• **Activity**: Your reply should consist only of the lines from the one holding "X (@angrycryptoshow), Charles" to the last line of the data below, written out exactly and without pictures.

[Items listed in a dataset]
·····

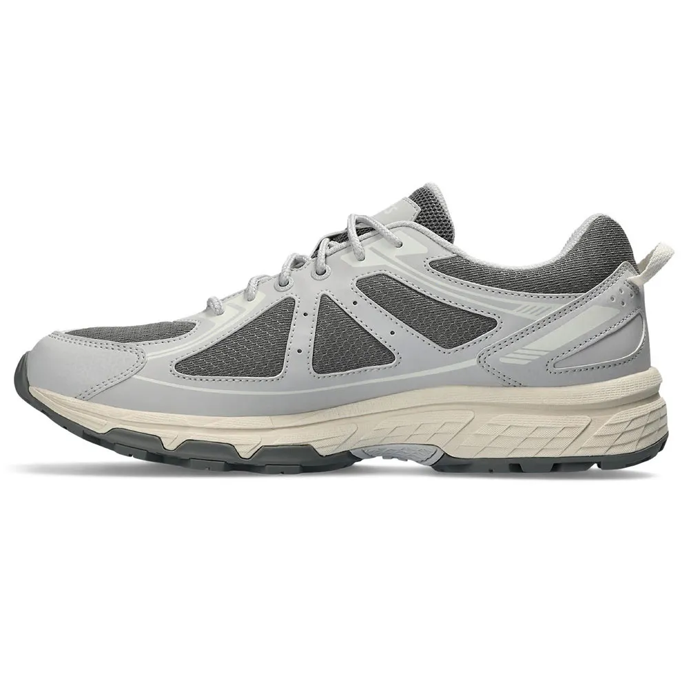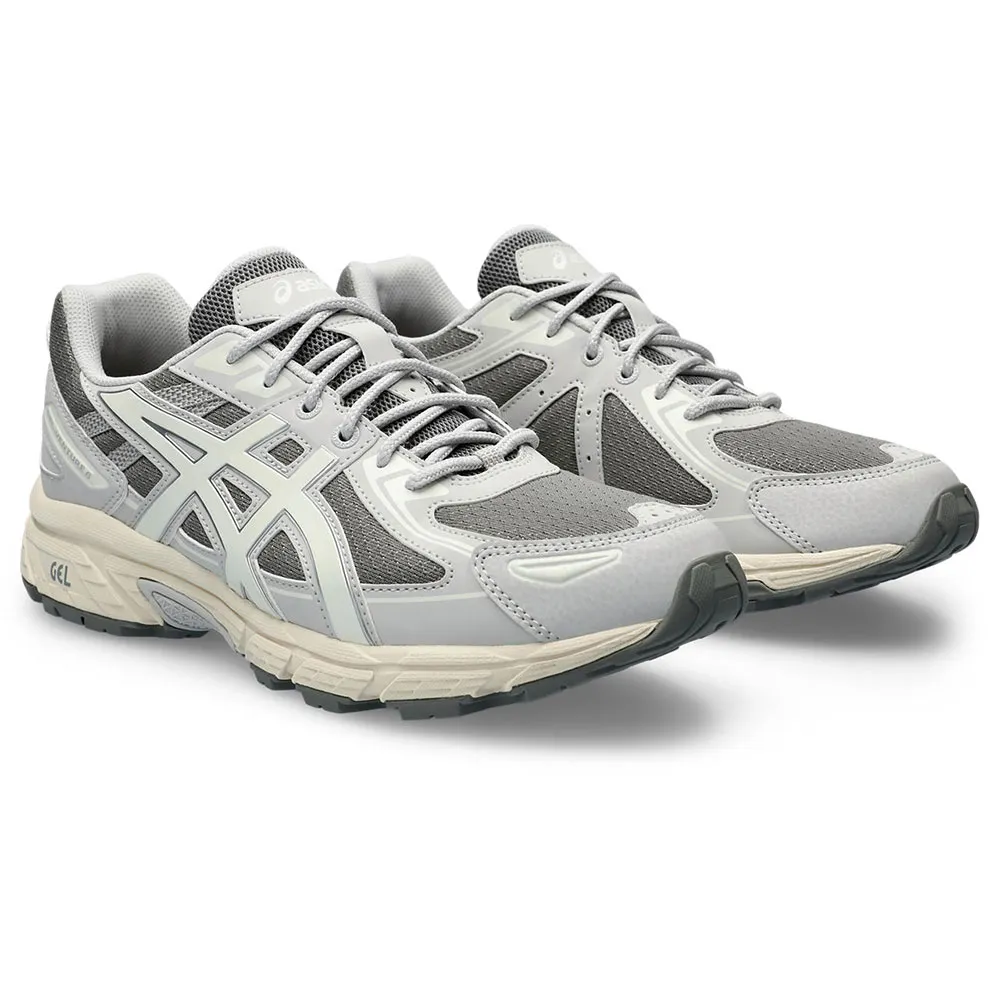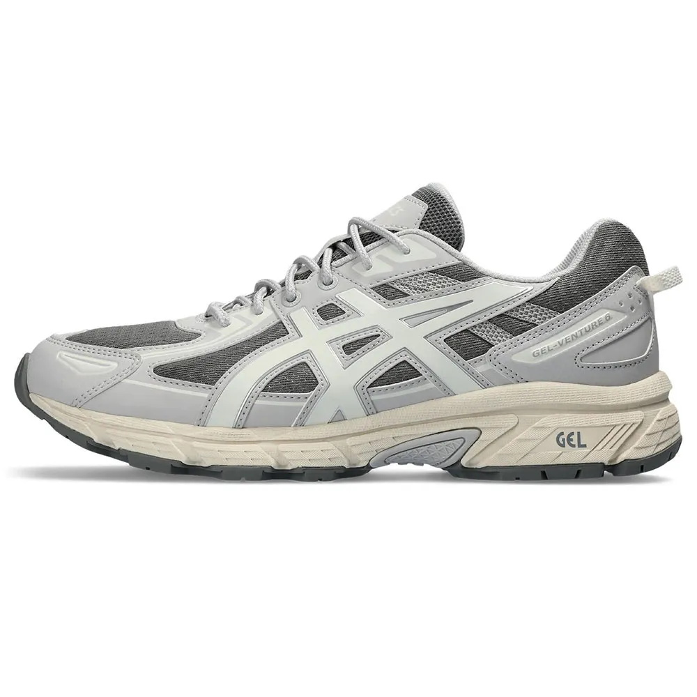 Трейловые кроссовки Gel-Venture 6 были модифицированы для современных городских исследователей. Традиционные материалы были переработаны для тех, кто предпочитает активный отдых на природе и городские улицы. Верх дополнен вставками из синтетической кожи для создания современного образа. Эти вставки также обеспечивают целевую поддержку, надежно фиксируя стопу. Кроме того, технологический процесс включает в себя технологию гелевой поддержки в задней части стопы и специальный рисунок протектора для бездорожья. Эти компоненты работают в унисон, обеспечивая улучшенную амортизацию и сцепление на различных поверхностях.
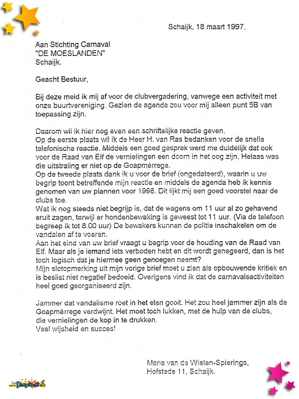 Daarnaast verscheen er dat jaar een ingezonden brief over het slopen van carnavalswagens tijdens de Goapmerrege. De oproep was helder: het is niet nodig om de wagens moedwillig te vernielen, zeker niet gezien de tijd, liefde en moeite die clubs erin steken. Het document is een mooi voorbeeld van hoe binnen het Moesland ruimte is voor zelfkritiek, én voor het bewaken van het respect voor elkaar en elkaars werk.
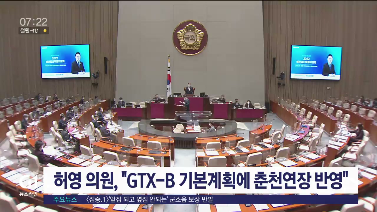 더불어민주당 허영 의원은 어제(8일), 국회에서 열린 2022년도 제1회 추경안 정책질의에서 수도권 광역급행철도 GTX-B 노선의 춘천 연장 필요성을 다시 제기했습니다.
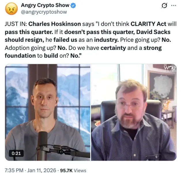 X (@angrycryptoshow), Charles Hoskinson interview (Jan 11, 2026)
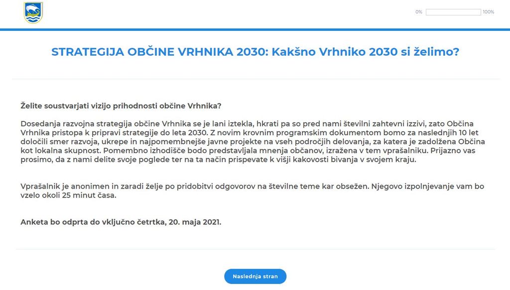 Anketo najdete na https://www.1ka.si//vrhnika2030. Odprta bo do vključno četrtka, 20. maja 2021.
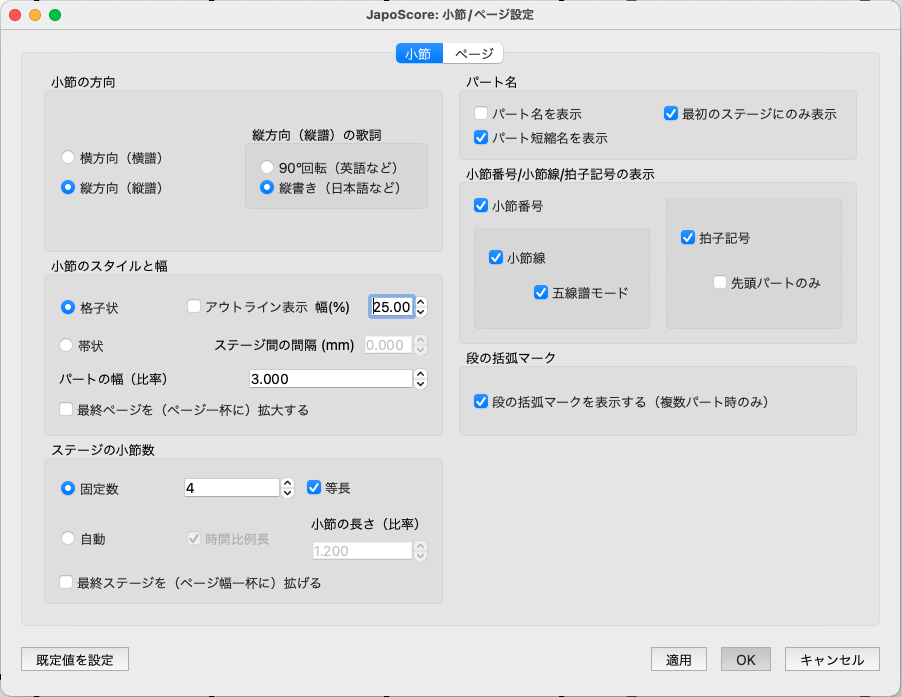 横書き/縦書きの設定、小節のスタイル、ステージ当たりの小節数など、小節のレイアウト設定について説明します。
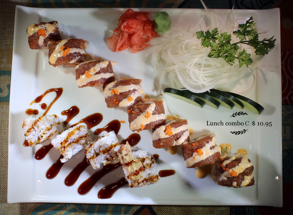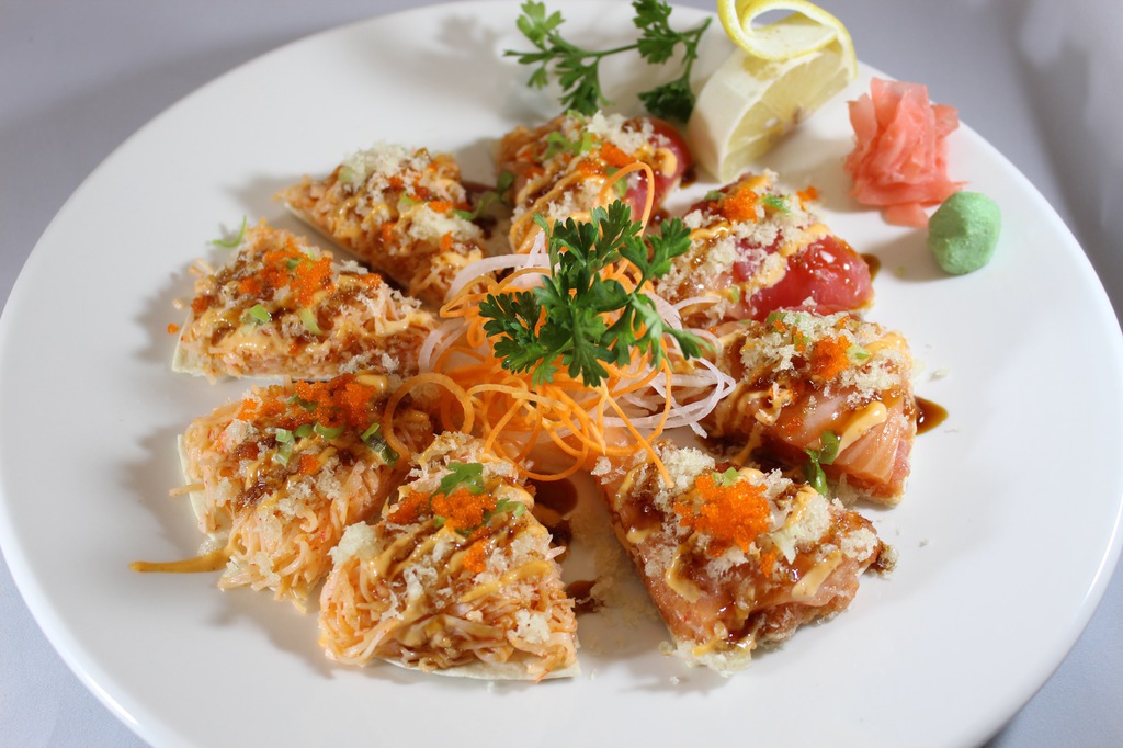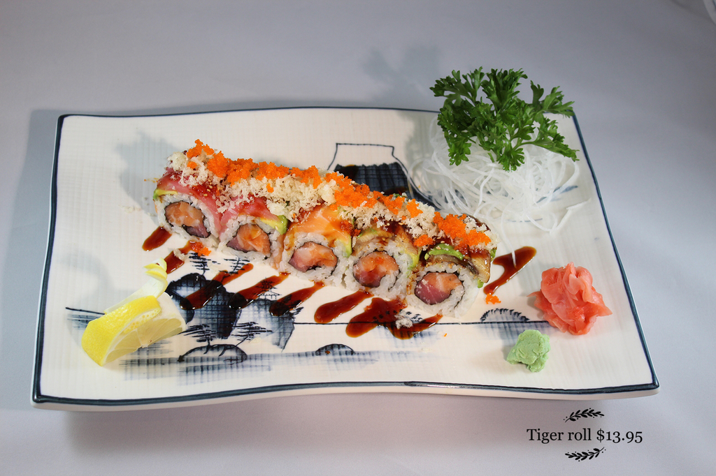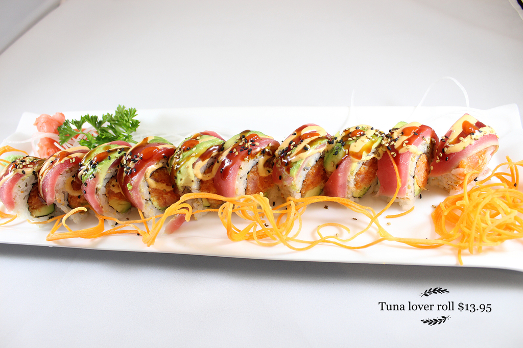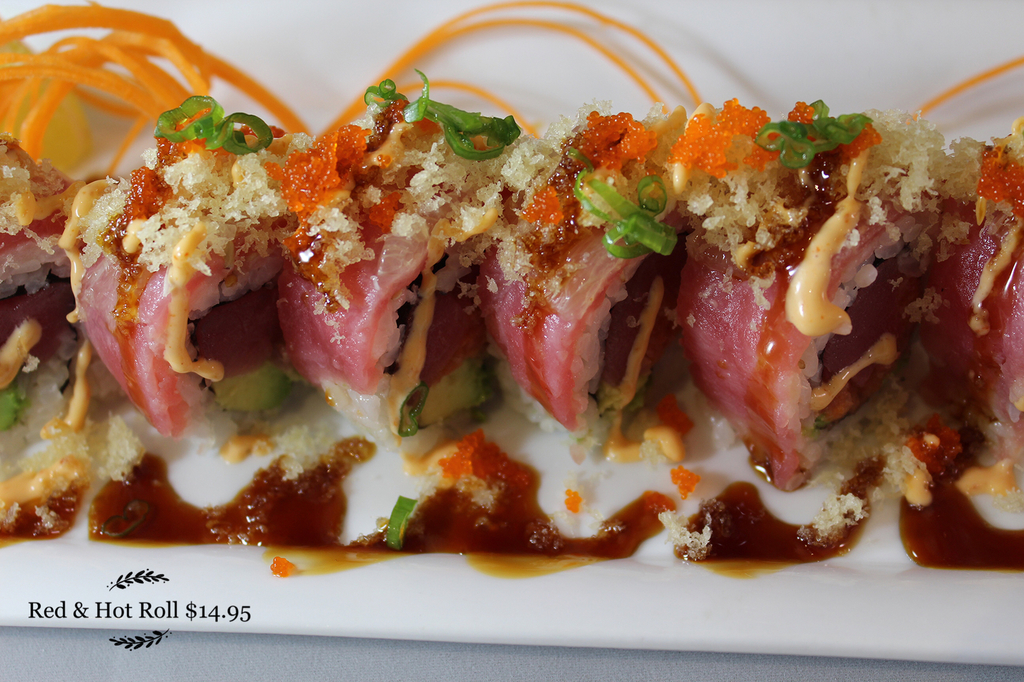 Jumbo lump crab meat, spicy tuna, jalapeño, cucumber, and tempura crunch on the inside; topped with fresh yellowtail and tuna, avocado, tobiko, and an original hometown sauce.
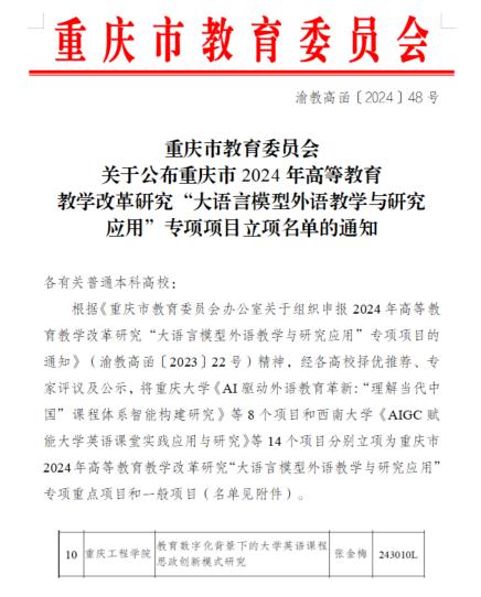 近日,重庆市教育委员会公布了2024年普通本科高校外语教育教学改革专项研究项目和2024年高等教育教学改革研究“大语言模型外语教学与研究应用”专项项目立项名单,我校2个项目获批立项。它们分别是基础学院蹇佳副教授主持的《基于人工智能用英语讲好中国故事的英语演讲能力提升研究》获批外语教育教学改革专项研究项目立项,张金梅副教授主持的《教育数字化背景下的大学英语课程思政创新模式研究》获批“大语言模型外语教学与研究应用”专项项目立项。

·····

• **Response**:
 X (@angrycryptoshow), Charles Hoskinson interview (Jan 11, 2026)
 Anketo najdete na https://www.1ka.si//vrhnika2030. Odprta bo do vključno četrtka, 20. maja 2021.
 横書き/縦書きの設定、小節のスタイル、ステージ当たりの小節数など、小節のレイアウト設定について説明します。
 Jumbo lump crab meat, spicy tuna, jalapeño, cucumber, and tempura crunch on the inside; topped with fresh yellowtail and tuna, avocado, tobiko, and an original hometown sauce.
 近日,重庆市教育委员会公布了2024年普通本科高校外语教育教学改革专项研究项目和2024年高等教育教学改革研究“大语言模型外语教学与研究应用”专项项目立项名单,我校2个项目获批立项。它们分别是基础学院蹇佳副教授主持的《基于人工智能用英语讲好中国故事的英语演讲能力提升研究》获批外语教育教学改革专项研究项目立项,张金梅副教授主持的《教育数字化背景下的大学英语课程思政创新模式研究》获批“大语言模型外语教学与研究应用”专项项目立项。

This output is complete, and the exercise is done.